Further, an organization like CHI not only has its corporate board, but many regional boards "because we believe there's real value added by our local and regional boards," says Lowney. "The business end is pretty disrupted, and there's lots of change in the business dynamics of healthcare."

That has immediate implications for relative accountability and job responsibilities at the local and national level. Over the past year, CHI boards have gone through exercises aimed at getting sharper about what metrics for which those local boards should be accountable.

About a third such metrics relate somehow to quality and safety, Lowney says. One is bottom line finance-related. One is the level of charity care.

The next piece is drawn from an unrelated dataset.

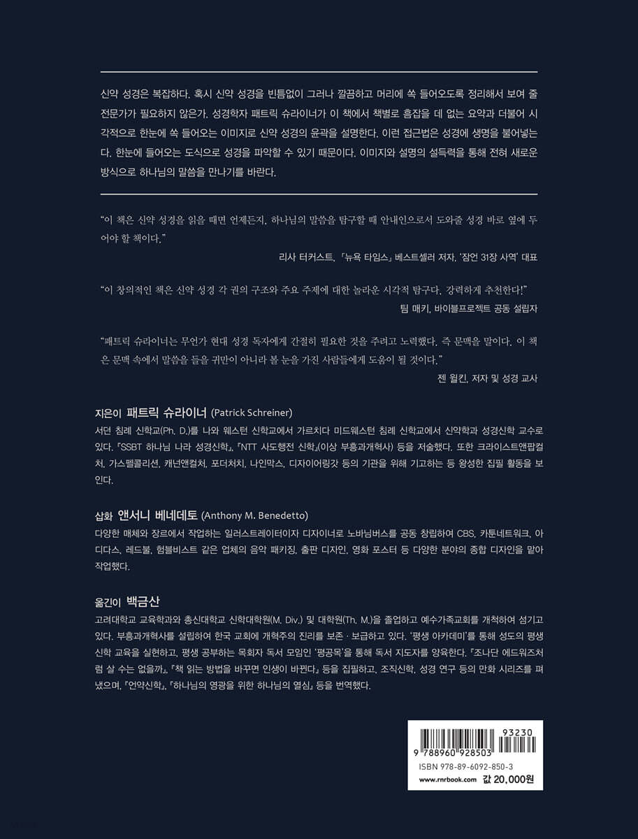 패트릭 슈라이너는 무언가 현대 성경 독자에게 간절히 필요한 것을 주려고 노력했다. 즉 문맥을 말이다. 그리고 그는 접근하기도 쉽고 기억하기도 쉬운 방식으로 이 일을 해냈다. 여기에 무엇보다도 그림을 사용해 신약 성경의 각 권의 ‘큰 그림’을 파악하기 위한, 가르치려는 사람과 배우려는 사람 모두에게 유용한 도구가 있다. 이 책은 문맥 속에서 말씀을 ‘들을 귀만이 아니라 볼 눈을 가진’ 사람들에게 도움이 될 것이다. - 젠 윌킨 (저자 및 성경 교사)

It's important to balance your own biases, he admits.

"I've been on the board six years, and as an investment banker, my gut instinct is that everything in the world revolves around money. Our journey as a board has taught me that what we have to talk about first is quality in a broad sense—outcomes, patient satisfaction, how engaged and satisfied our physicians are."

CHI's board doesn't have committee reports at every board meeting now—in fact, the only committee that does give a report at the board meeting is the quality committee. Local and regional boards act similarly, he says.

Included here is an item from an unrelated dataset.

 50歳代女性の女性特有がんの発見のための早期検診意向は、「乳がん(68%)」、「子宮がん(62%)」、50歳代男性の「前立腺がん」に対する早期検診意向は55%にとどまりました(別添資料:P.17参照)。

"The most important thing to us as a system is quality, and so the most important thing they can do is ensure we get great outcomes," he says. "When I first joined the board, we'd come to quality and people would start using acronyms on very technical medical stuff, and I'd follow it but half assume the docs on the board would carry the water on the discussion. But we can't operate that way. I say this to board colleagues: If there's a number there and you can't understand it and management can't explain it to you, that's their fault."

Quicker action
Peregrine says much of the problems with boards today extend from one issue: slow decision-making.

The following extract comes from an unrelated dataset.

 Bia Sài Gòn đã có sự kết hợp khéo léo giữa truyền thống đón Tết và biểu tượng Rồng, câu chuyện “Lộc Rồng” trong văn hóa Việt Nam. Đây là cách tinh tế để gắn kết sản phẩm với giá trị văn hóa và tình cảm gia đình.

But he says what clients often miss with that assessment is that there is a conflict that must be balanced between streamlining decision-making and reducing the size of boards.

"Streamlining is valuable, but downsizing boards, meetings, or contact between the board and management does not necessarily work at the same time the organization is diversifying," he says. "Management wants to limit their load, but at the same time, the law expects more time as the business gets more sophisticated."

For example, audit, finance, and compliance are all in one committee for some organizations, but Peregrine says be careful where you streamline.

"Are you really able to give justice to all those responsibilities in that structure? As boards become bigger and more diversified, the demands on board members are increasing, and much more is expected. You're a director of a nine- to 10-figure business. Expectations are much higher. It's not like the old days where you are a member of the board but the CEO did all the heavy lifting."

For his part, Lowney says all the changes surrounding governance in healthcare can seem overwhelming.

"But that's one of the ironies. The things that make it very challenging and sometimes frustrating to be on this kind of a board is what also makes it exciting and rewarding," he says. "There's so much change around us, and nobody can just read a blueprint to make it succeed."

Philip Betbeze is the senior leadership editor at HealthLeaders.